The theme of this issue is “Image processing and pattern recognition”. This whole area is of particular personal interest to me because it was the basis of my postgraduate research. I am probably biased, but I consider that this field has probably developed further and faster than most others in the 35+years since I was messing around with 32×32 binary images.

To be honest it had to. It seemed interesting at the time, and we did manage a few pretty elementary successes like getting a Puma 260 robot to pick up dice from a backlit table and throw them again, but we did not even attempt to read if we had a pair of sixes.

The 32×32 camera was pretty small and would not look out of place size-wise even today, but if we wanted to go up a level in sophistication we were talking vidicon tubes and a swarm of high-speed RAM chips and a jolly expensive A/D converter to give us a 256×256 image with 256 levels of grey in a very 8-bit world – and a power supply the size of a shoebox and a noisy fan trying to prevent meltdown. But such effort was hardly worthwhile because the magnificent amount of data it produced took us too long to process for us to be able to do anything very useful with it.

Typing the above paragraph, I discovered that my OpenOffice word processor thinks “vidicon” is a typing error because it does not appear in its dictionary! It should count itself lucky I was not using plumbicons!

These days we have colour cameras with 10,000 times the resolution included almost free of charge in our mobile phones. And to add insult to our pained recollection of Stone Age struggles, the camera can tell we are not smiling and refuse to take a picture – or even worse, can image-process our faces to make us smile.

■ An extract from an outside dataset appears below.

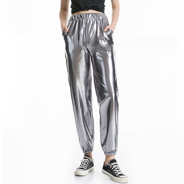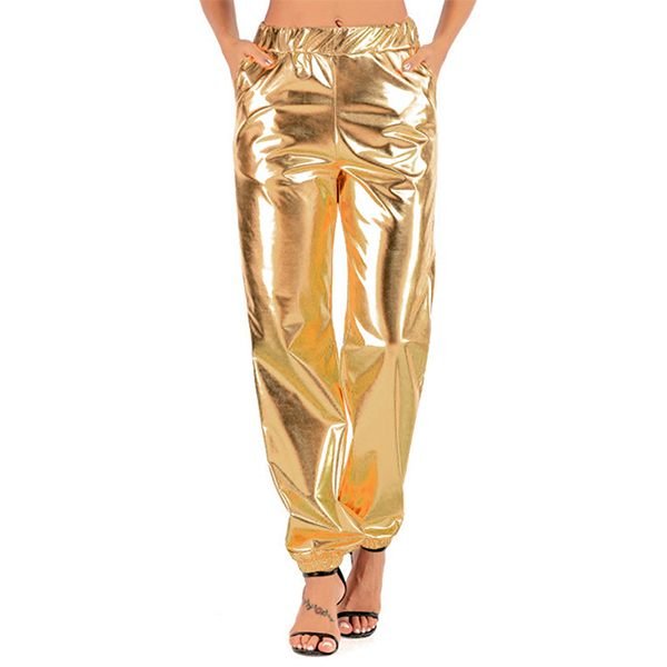 Fashion Bright-color Elastic Waist Artificial Leather PU Pants

I actually find it very gratifying to see the staggering progress that has been made, especially in the last five years. Probably more by luck than good judgement, we saw an inkling of the potential of machine vision but were then frustrated by the magnitude of the task and the limitation of our processing power.

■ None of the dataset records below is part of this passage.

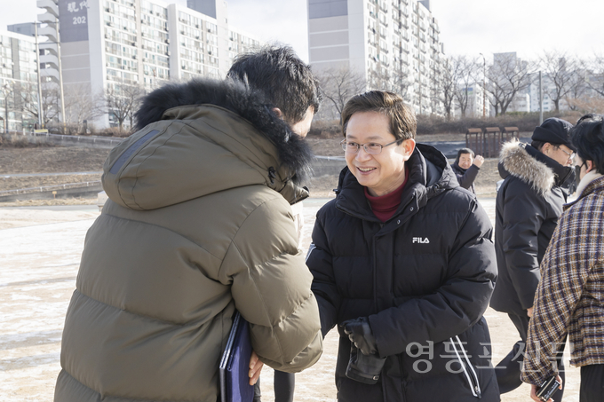 [영등포신문=이천용 기자] 최호권 구청장이 지난 29일 오전, 안양천 억새1구장에서 열린 제47회 영등포구 문일축구회 시무식에 참석해 회원들에게 인사를 전했다.
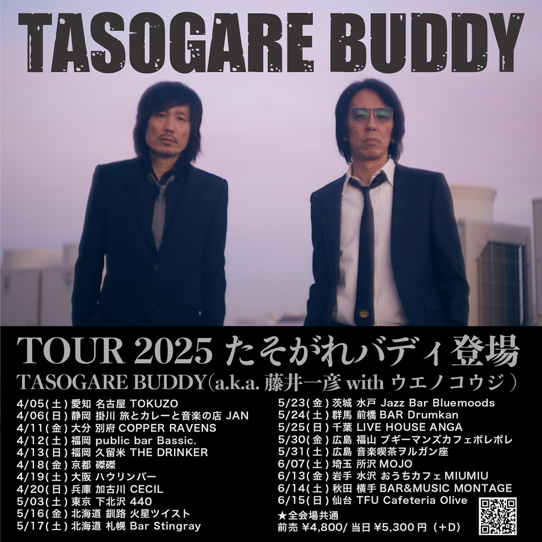 藤井一彦(THE GROOVERS)とウエノコウジ(the HIATUS、Radio Caroline)が、新ユニット「TASOGARE BUDDY」を結成し、4月5日(土)名古屋 TOKUZOを皮切りに、全国20本を巡るツアーが発表された。
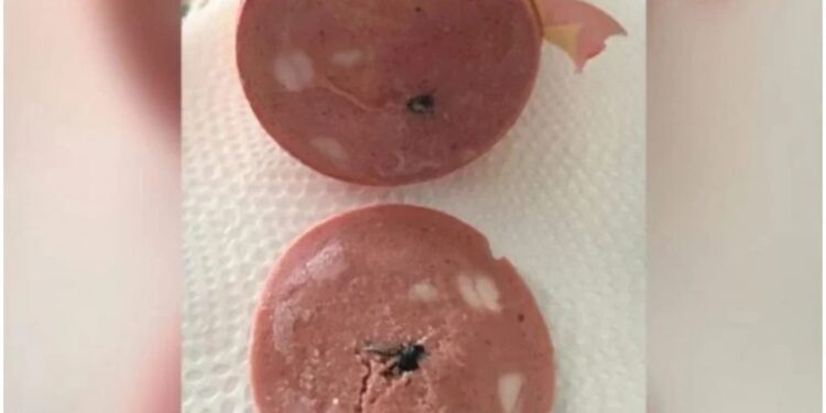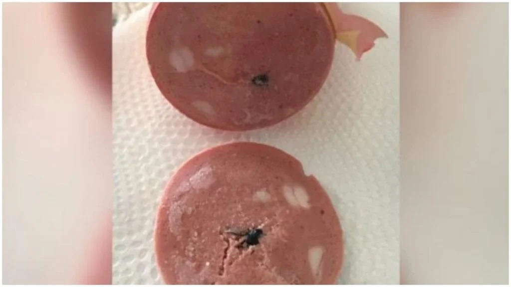 Em seguida, conforme os autos, a mãe se deparou com a mosca-varejeira cortada ao meio dentro da mortadela. Ela tomou um susto e chegou a vomitar depois de ver que consumiu alimento contaminado.

My local regional airport has a short-stay car park and when I press the button to raise the barrier the ticket has my car’s registration number on it. Not a photograph of my number plate, but a pattern recognition analysis of the number itself.

Google is mapping our streets and cities and our houses will soon be on public display. The immigration queue at the airport we are photographed and no doubt cross-referenced to a visual database of undesirables.

Where is this all leading? When I was working on primitive pattern recognition the main motivation (apart from academic advancement), was to solve a problem, to reject defective parts, to improve quality and to make the world a better place.

The trouble with developing new tools is that sometimes they prove themselves useful for originally unconsidered tasks. The same software that recognises terrorists will soon, and probably very soon, be watching our every move. Our privacy will be lost forever for a mixture of commercial and public welfare benefits.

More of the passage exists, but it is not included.